Stored items from a collection:
========

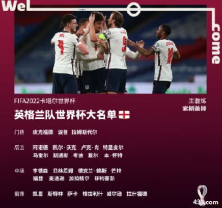 英格兰官方公布了出征卡塔尔世界杯的最终大名单。
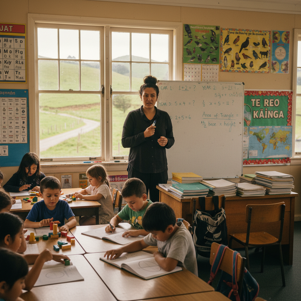 A rural New Zealand classroom where teachers face the impossible task of teaching strict year-by-year curriculum to students spanning multiple age groups
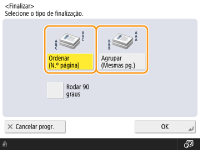 Ao copiar duas cópias ou mais a partir do alimentador, é possível selecionar a ordenação ou o agrupamento para a ordem das impressões. Selecione "Ordenar" para imprimir numa ordem de páginas sequencial. Selecione "Agrupar" para imprimir lotes de cada página como, por exemplo, 10 folhas para a primeira página, 10 folhas para a segunda página e assim sucessivamente.
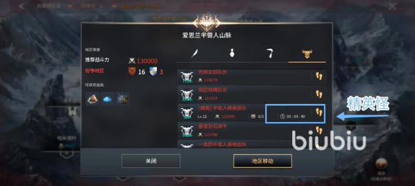 想知道精英怪可以再去点击最右侧的怪物图标,在这里能看到列表中的野怪首领、精英怪和普通野怪,并且通过列表信息还能知道与精英怪距离相差的距离,以及该敌人的具体战力,靠着这些信息大家能在战斗前做好充足的准备。
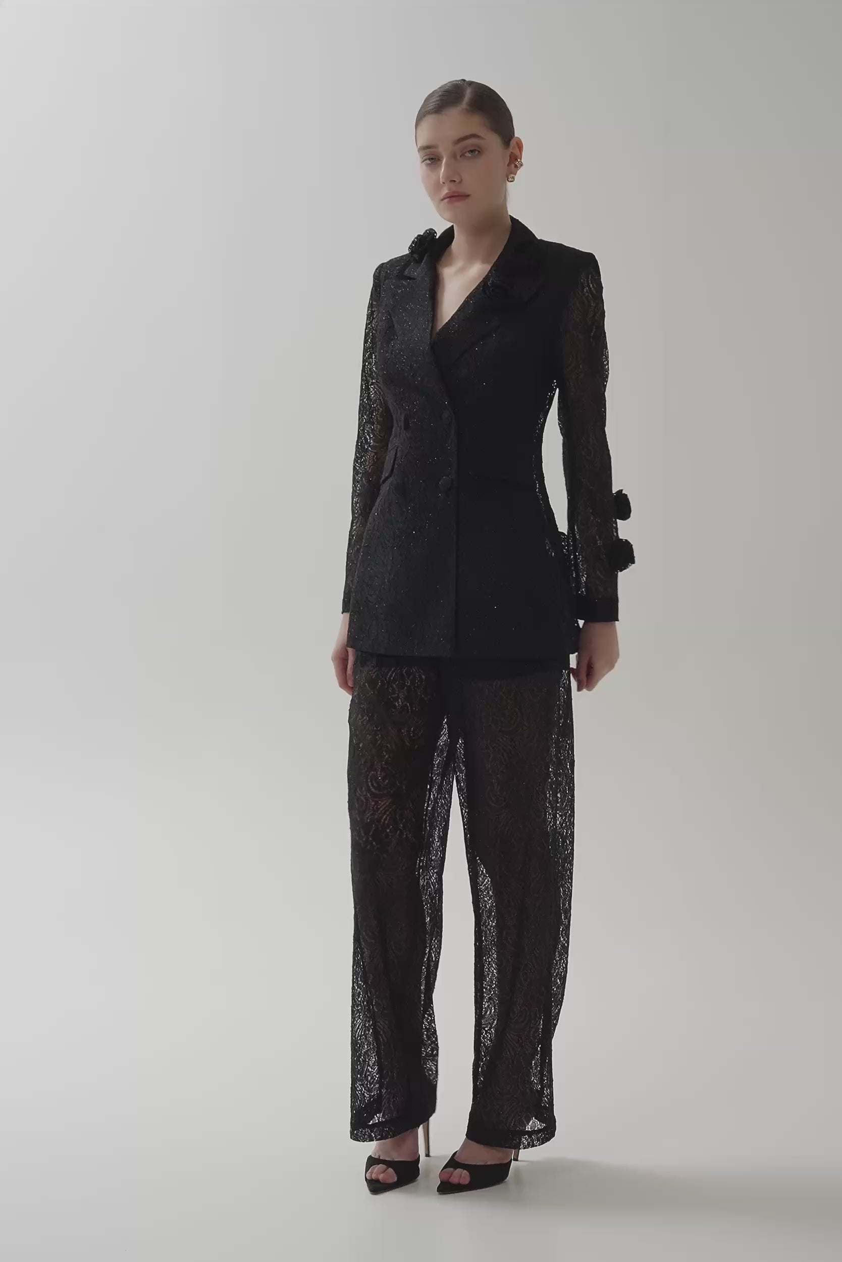 Wide-leg lace trousers in black
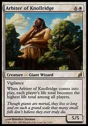 | Card Text | Vigilance When Arbiter of Knollridge enters the battlefield, each player"s life total becomes the highest life total among all players. |
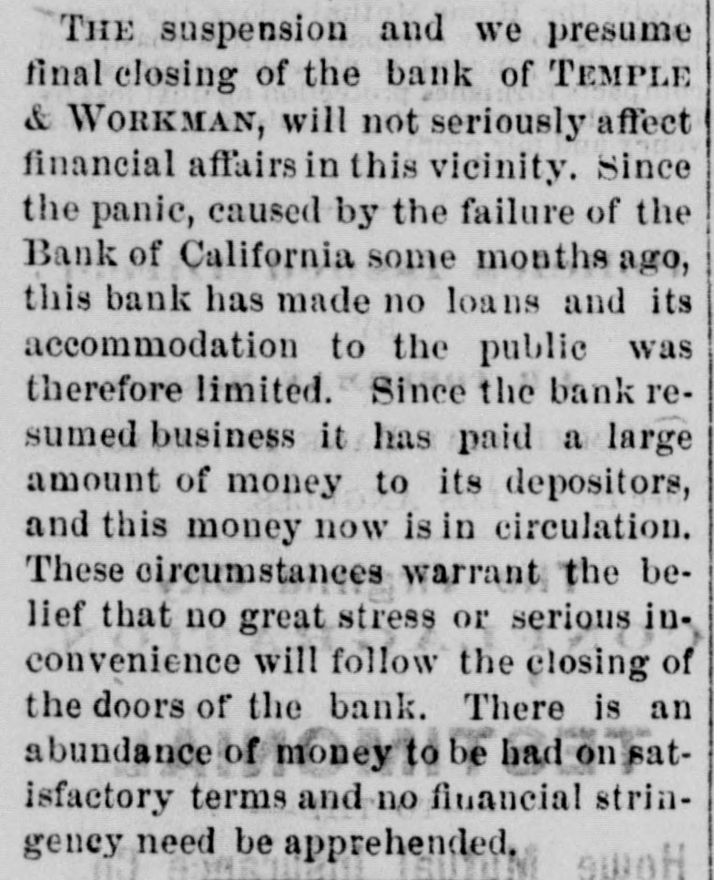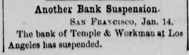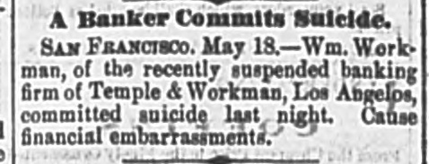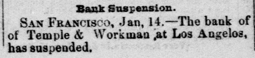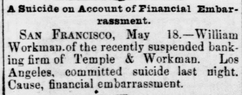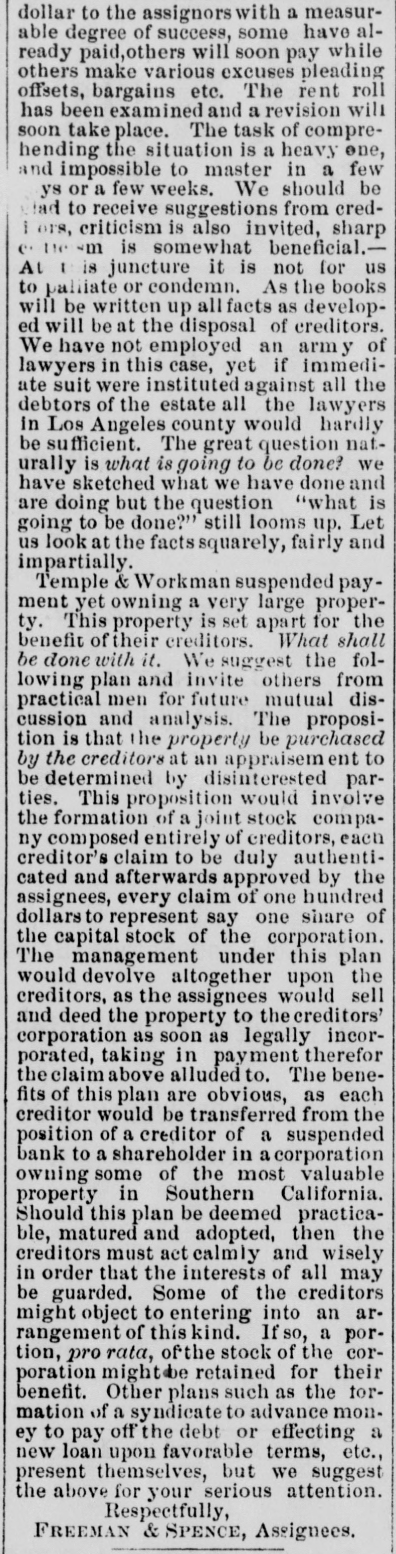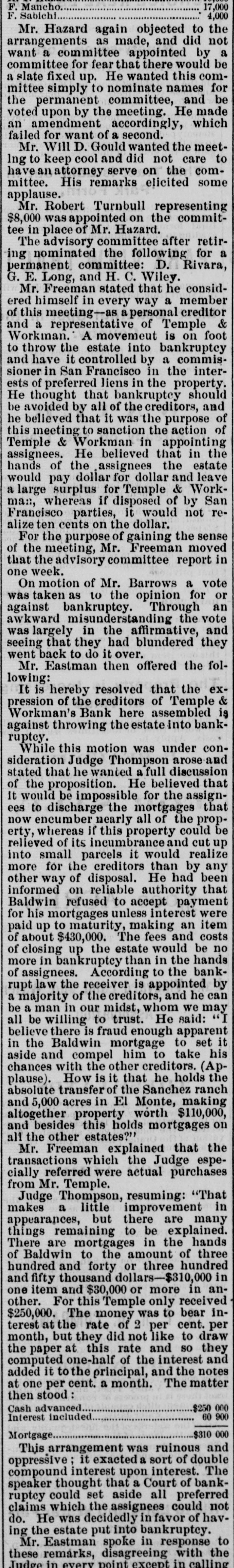 Mancho. 4,000 F. Sabichi to the arrangementmettee Mr. Hazard again as made, appointed objected and would did by not be a want a that there coma committee slate fixed for up. to fear He nominate wanted names this and for be mittee simply committee, made the voted permanent upon by the meeting. accordingly, He which an amendment of a second. failed for want D. Gould wanted the care meet- to Mr. Will keep cool and did on not the committee. havean Ing to attorney His remarks serve elicited some Mr. on applause. Turnbull the representing commitof Mr. after advisory following the D. Rivara, ing tee $8,000 The in place Robert wasappointed.org committee for retir- a C. Wiley. permanent nominated committee: and H. considE. Long, stated that he Mr. himself in every way ered G. Freeman personal a creditor member foot & of this a meeting-as representative of Temple is on and Workman. A estate movement into bankruptcy commisthrow controlled by the and sioner to have the it Francisco in a property. interin preferred San liens in the should of that bankruptcy creditors, and that the action Workman in believed ests Temple he this He be believed avoided thought meeting & by He to all sanction it of was the in the that the appointing purpose estate the of of assignees. the assignees and leave hands of dollar for dollar & Workwould large pay surplus for disposed Temple of by San reman, whereas parties, if it would not Francisco on the dollar. sense alizeten cents of gaining the of the advisory committee to as week. of Mr. for was taken one that On For the motion the meeting, purpose Mr. the Barrows Freeman opinion report a moved vote an or in Through vote against awkward misunderstanding . bankruptcy. the affirmative, the they and seeing to do it over. was largely that they in had blundered folwent back Eastman then offered the that is hereby of lowing: It Mr. creditors resolved Temple the ex- is & against Workman's pression throwing of the Bank the here estate assembled into bankruptey. this motion was under arose con- and sideration While Judge Thompson a full discussion that stated that he wanted He believed assignof the proposition. be impossible for the to discharge all of the if this cut ees now it would encumber nearly the property mortgages could prop- that up be erty, whereas incumbrance and realize relieved of its parcels it would into small creditors than more for of disposal. authority other way the on reliable He had payment by been that any informed Baldwin refused unless to accept interest were item his mortgages making an to fees and about $430,000. estate would be for of paid of up maturity, the The the bank- hands costs no closing bankruptcy up than in the more in According appointed to by the and he majority midst, whom a man in our He of a be rupt law assignees. of receiver the to creditors, trust. is said: we may can "I all be willing is fraud enough to apparent set it believe there Baldwin mortgage take his and compel creditors. How is it that aside chances in the with the other him Sanchez to he holds ranch (Ap- the plause). transfer in of El the Monte, making 5,000 acres worth this holds and and absolute altogether besides property estates?' mortgages that $110,000, espe- the on all Mr. the Freeman other explained the Judge transactions referred were actual from Mr. Thompson, cially Judge Temple. little which improvement resuming: purchases "That many in makes a there are appearances, but to be explained. hands things remaining in the of There Baldwin are mortgages to the or amount three of hundred three in hundred and thousand forty dollars-$ more $310,000 in anand fifty item and $30,000 or only received other. one For this Temple was to bear in$250,000. The rate money of 2 per cent. draw per month, terest at but the they did not and like so to they at this rate interest and the paper one-half of the and the notes then stood computed added at one it per to cent. the principal, a month. The matter $250 000 60 900 Cash Interest advanced... included $310 000 and ruinous Mortgage This arrangement exacted was a sort of double The oppressive interest it upon interest. of bankcompound speaker thought set that aside a Court all could preferred not ruptcy could the assignees of havclaims do. He which was decidedly put into in bankruptcy. favor to ing the estate spoke in response with the Mr. Eastman disagreeing Tudge these remarks, in every point except in calling
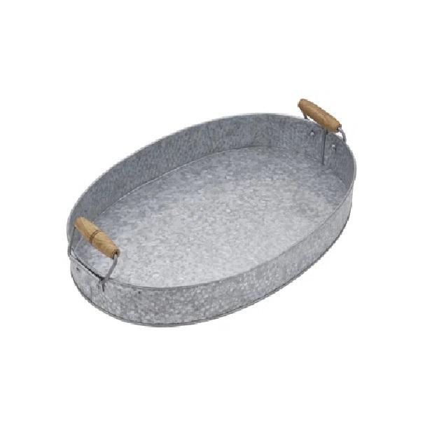 Farmhouse Oval Shape Iron Galvanized Serving Tray Tabletop Food & Drinks Tray with Wood Handles for Home & Hotels Usage
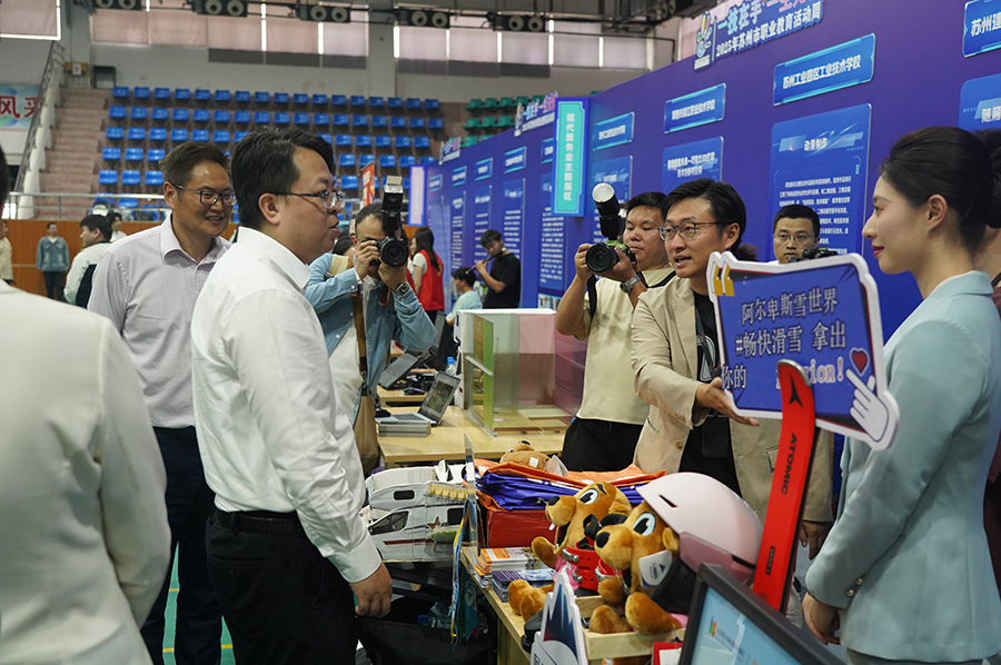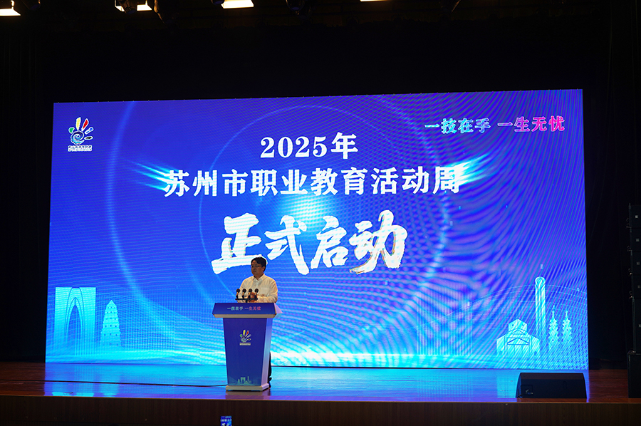苏州市委教育工委书记、市教育局局长周志芳在致辞中指出,苏州正以“教育、科技、人才”三位一体协同发展为牵引,推动职业教育、高等教育、继续教育协同创新,深化职普融通、产教融合、科教融汇。职业教育活动周是展示苏州职教成果、弘扬工匠精神的重要窗口。要以此为契机,讲好苏州职教故事,激励更多年轻人走技能成才、技能报国之路。要在立德树人中擦亮“苏工苏作”的底色,让“技能成才、强国有我”的信念扎根学子心田。要在服务发展中彰显“共生共荣”的本色,推动职业教育与产业“同频共振”、与企业“双向奔赴”。要在提质培优中夯实“内涵建设”的成色,大力实施职业学校“达标提质”工程,加快实施《苏州市推动现代职业教育高质量发展三年行动方案(2025—2027)》,推动教育链、人才链与产业链、创新链深度融合,培育输送更多大国工匠、能工巧匠和高技能人才。
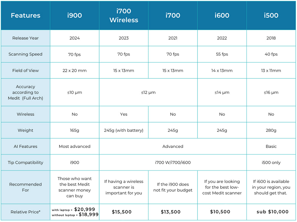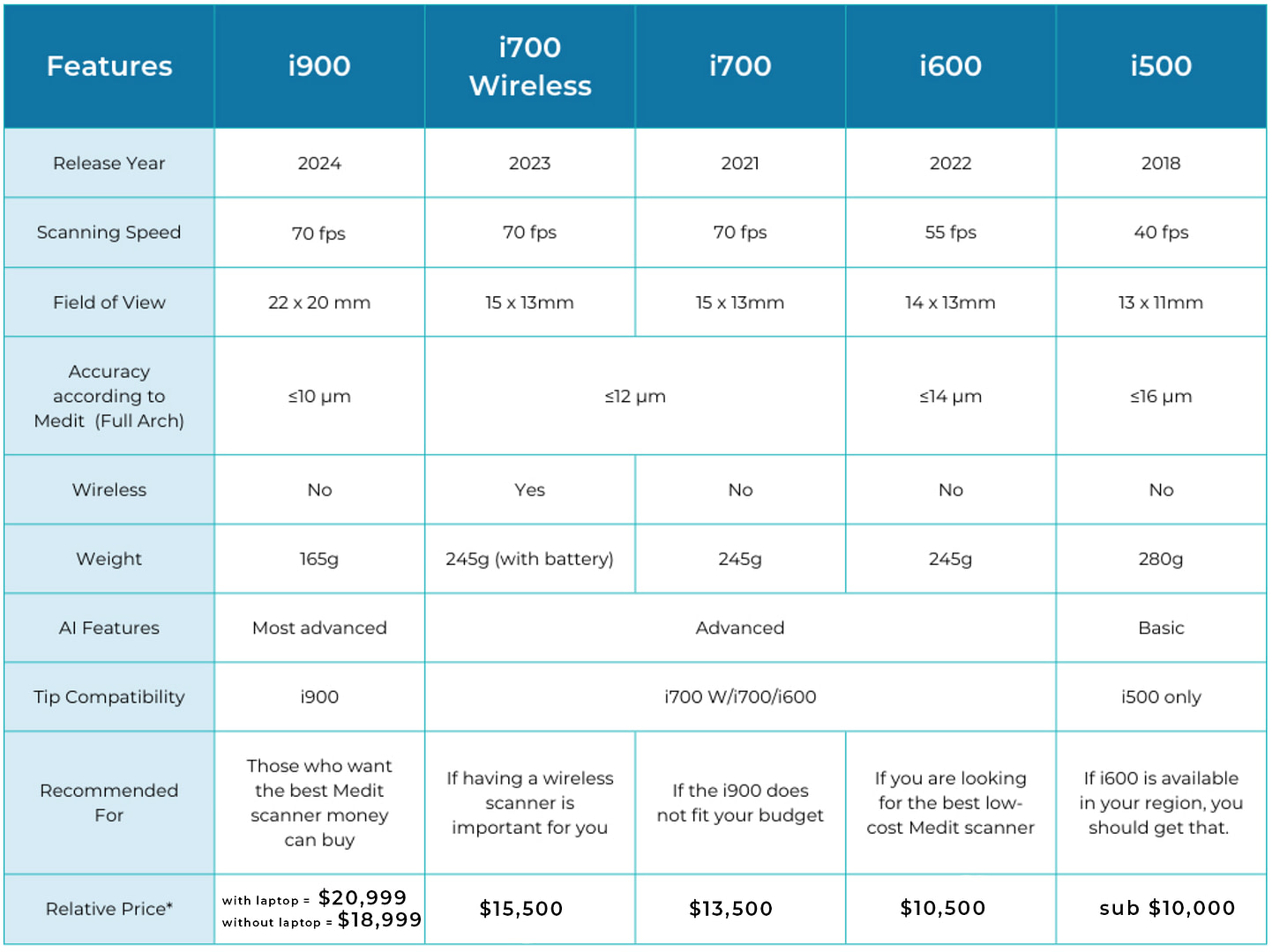 Comprehensive Comparison Table of All Medit Scanners - i900, i700 Wireless, i700, i600, and i500

========

▶ [ASSIGNED TASK] Would you please reproduce the entries above, starting at the line with "Ao copiar duas" and stopping after the line with "all players. |"? Omit any pictures.

▶ [THE COMPLETED TASK]
 Ao copiar duas cópias ou mais a partir do alimentador, é possível selecionar a ordenação ou o agrupamento para a ordem das impressões. Selecione "Ordenar" para imprimir numa ordem de páginas sequencial. Selecione "Agrupar" para imprimir lotes de cada página como, por exemplo, 10 folhas para a primeira página, 10 folhas para a segunda página e assim sucessivamente.
 想知道精英怪可以再去点击最右侧的怪物图标,在这里能看到列表中的野怪首领、精英怪和普通野怪,并且通过列表信息还能知道与精英怪距离相差的距离,以及该敌人的具体战力,靠着这些信息大家能在战斗前做好充足的准备。
 Wide-leg lace trousers in black
 | Card Text | Vigilance When Arbiter of Knollridge enters the battlefield, each player"s life total becomes the highest life total among all players. |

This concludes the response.